VERMILLION, S.D.—Journalists who want to start their own newspapers should know that it will be a tough road, but according to Mark Trahant, the journey is worth it.
"Anybody can do this if they put in the time and do the work," Trahant, a Native journalist, told college and high school students at the University of South Dakota.
Trahant, chairman of the Maynard Institute for Journalism Education, spoke Monday to students of the Freedom Forum-sponsored American Indian Journalism Institute as part of the AIJI summer program. High school students from the university's Math and Science Initiative Program also were in attendance, but Trahant directed his message primarily to the aspiring journalists.

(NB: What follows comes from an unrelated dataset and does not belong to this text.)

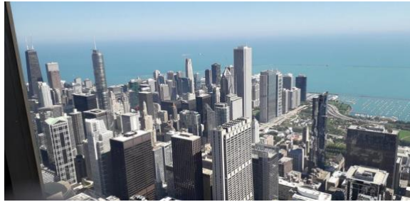
Slika 12. Pogled na Chicigo iz Wills Towera

Dan nam je započeo, a i završio s razgledavanjem kulturnih znamenitosti grada Chicaga. Prvo smo posjetili Navy Pier te se vozili u kotaču iz kojeg smo imali prekrasan pogled na jezero Michigan i na dio grada Chicaga. Nakon toga smo obišli najvišu zgradu Wills Towera u Chicagu koja se sastoji od 108 katova, a visoka je 443 metra. Nakon kratke popodnevno odmora posjetili smo arenu koja je dom Chicago Bullsa i Chicago Blackhawksa. Tu se odigravaju NBA i NHL utakmice. Vidjeli smo kip košarkaša Michaela Jordana i dres našeg košarkaša Tonia Kukoča.

A Shoshone-Bannock, Trahant stressed that journalists shouldn't be afraid of their failures. He shared a story about going to San Francisco to cover the 1994 earthquake.
He said he covered the story from many different angles, spending hours moving around the city. But his editor told Trahant that he should have focused on a single place devastated by the earthquake and written the simple story instead of trying to compete with the news wires and their overall coverage.
According to Trahant, that was his biggest failure. But he shared with students the importance of not fearing failure.
"You can't underestimate the power of failure," he said. "That is the one thing I wish for everyone to know."
Trahant said journalists must learn from their mistakes and just keep reporting and writing.
"This is all about storytelling," he said. Storytelling is the key to newspaper writing, he added, and he urged the student journalists to write constantly to improve themselves.
"Writing is a muscle that you exercise everyday," he said.
Trahant told students that he wanted to be a writer since he was a child and once made a newspaper colored with crayons that he called The Sun.
Years later, Trahant worked for tribal newspapers and became a columnist for the Seattle Times. He authored the book, "Pictures of Our Nobler Selves," a history of Native American journalism. Today, he is also a Freedom Forum trustee and writes a column for MSNBC.com twice a month.
"I can't imagine how life would be without journalism," Trahant said.